Upaya memosisikan diri sebagai trendsetter merupakan rekomendasi penting yang dianjurkan akta/konvensi Universal Postal Union (UPU). Posisi trendsetter memberi keleluasaan ruang untuk mencapai visi masyarakat informasi dan sejahtera. Pencapaian visi secara good corporate governance (GCG), berfungsi sebagai akselerator peningkatan efisiensi sistem operasi dan manajemen Posindo.

Faktor lain yang berpengaruh terhadap akselerasi efisiensi sistem operasi dan manajemen Posindo adalah karakter "strong leadership" berdasarkan prinsip fiduciary duties. UU PT mengharuskan direksi going concern terhadap masalah perusahaan. Implementasi dari kata kunci going concern adalah respons nyata terhadap kebutuhan pemangku kepentingan (stakeholder), terutama pelaku bisnis, untuk memperoleh excellence serviceable berkaitan dengan pasar global layanan dokumen, financial, dan logistik berbasis TIK.

Layanan excellence serviceable yang urgent direalisasikan Posindo di antaranya electronic-sign (e-sign, tanda tangan elektronik) untuk men-support layanan dokumen, financial, dan logistik. Metode e-sign menjamin keamanan data, informasi, dan dokumen secara autentik, accurate, traceable, legalized, dan integral.

Berdasarkan UU No. 11/08 tentang Informasi dan Transaksi Elektronik (ITE), e-sign Posindo diselenggarakan melalui sistem elektronik (certification authority/CA) untuk melakukan transaksi elektronik yang mencakup data, informasi, dan dokumen. Penyelenggaraan e-sign Posindo juga menyentuh dengan kebijakan publik (sosial) seperti distribusi bantuan langsung tunai (BLT), bantuan operasional sekolah (BOS), beras untuk masyarakat miskin (raskin), kompor/tabung gas, jaring pengaman sosial (JPS), dan sejenisnya.

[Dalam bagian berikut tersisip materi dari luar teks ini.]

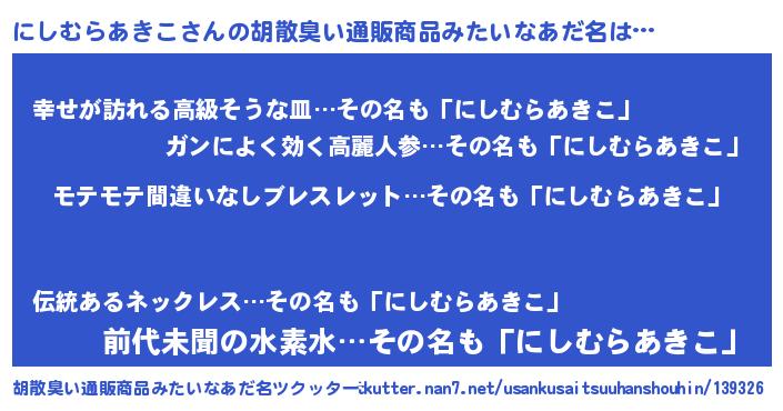 | 肩書あだ名 | 『にしむらあきこ社長』 |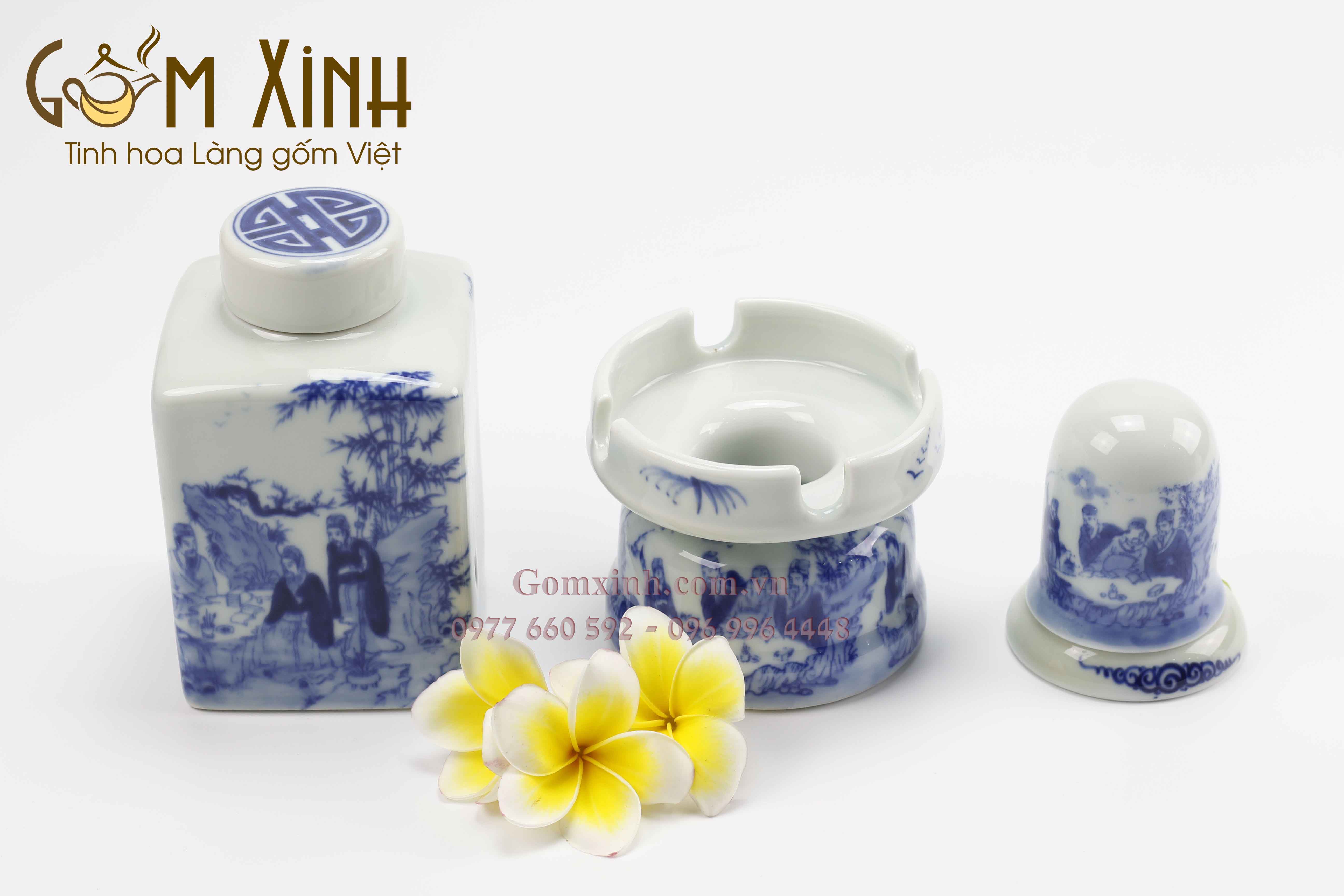 Bộ ấm chén men lam cổ Bát Tràng vẽ Trúc lâm thất hiền được làm thủ công tại làng nghề Bát Tràng.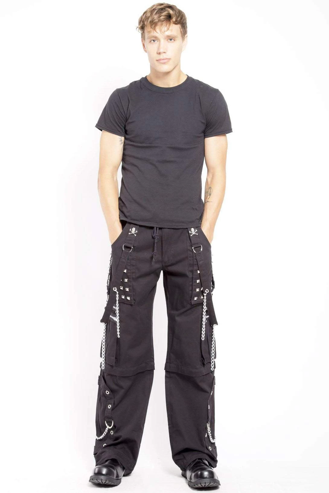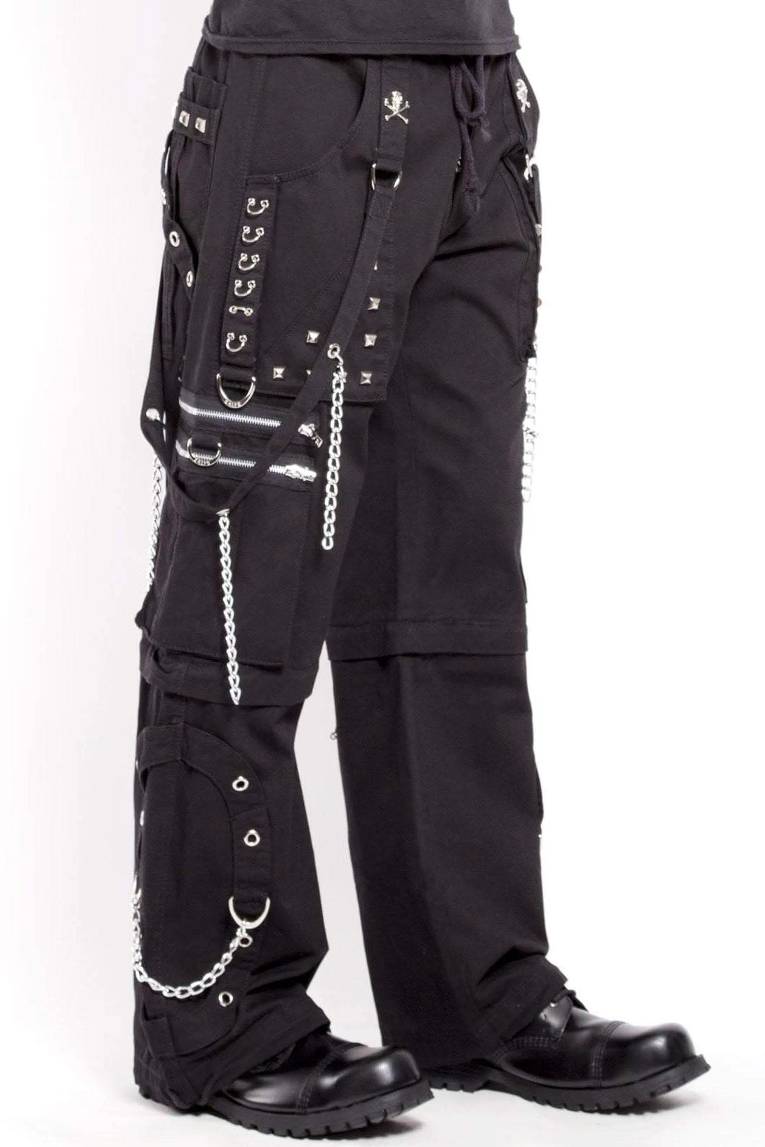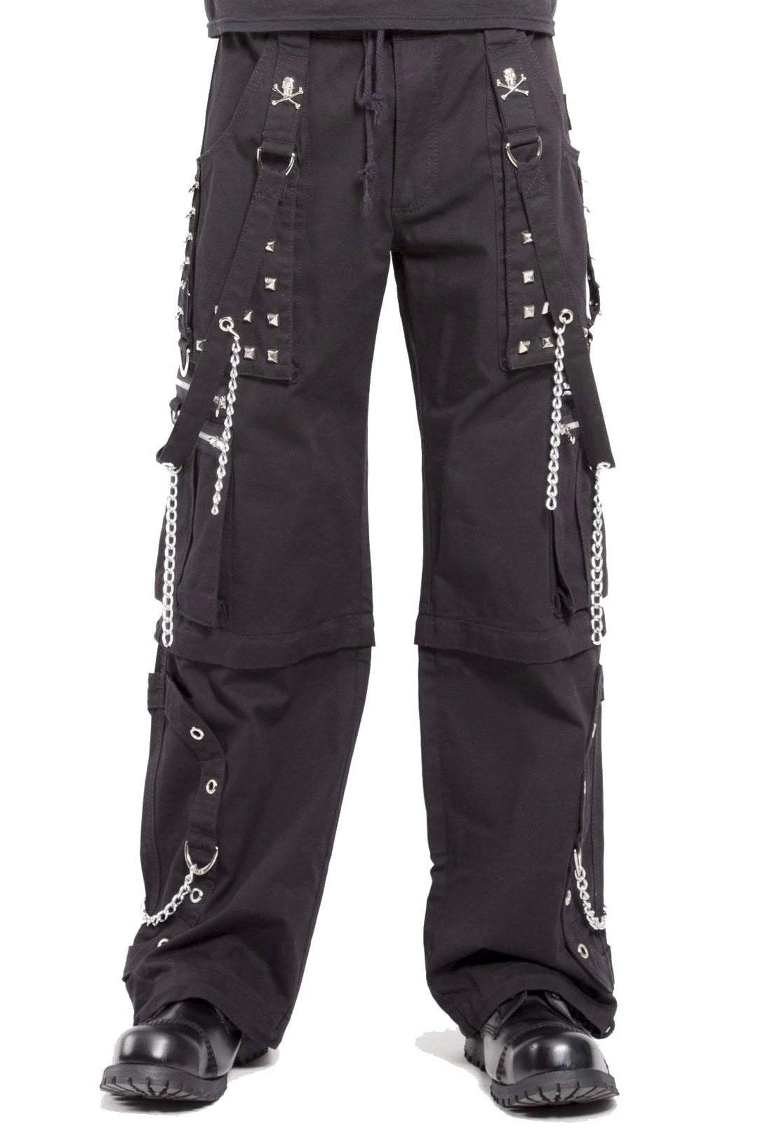 A prisoner of the night, you escaped the chain gang in these hella cool cargo pants. With hardware and chains all over, these Tripp NYC pants are insanely comfy and unique. With D-rings, chains, and pyramid studs, these gothic pants demand command. Skulls & crossbones are stitched on the bondage straps for an exxtra dash of death. From pants to shorts, you have the power! Zip off the bottoms to transform these Tripp pants into Tripp shorts!Â

Oleh karena itu, ketentuan e-sign dan standardisasi alamat (kode pos digital, track & trace) termasuk isu strategis yang terintegrasi dalam RUU Pos. Karakteristik going concern ini memerlukan political will yang kuat bagi akselerasi efisiensi sistem operasi dan manajemen Posindo selaku pengemban visi akta/konvensi UPU. Visi bersama untuk mewujudkan kesejahteraan dan ketahanan ekonomi, sosial, budaya, politik, dan hankam melalui keseimbangan profitability core business dan public service obligation. ***

Penulis, dosen Research Centre Politeknik Pos Indonesia.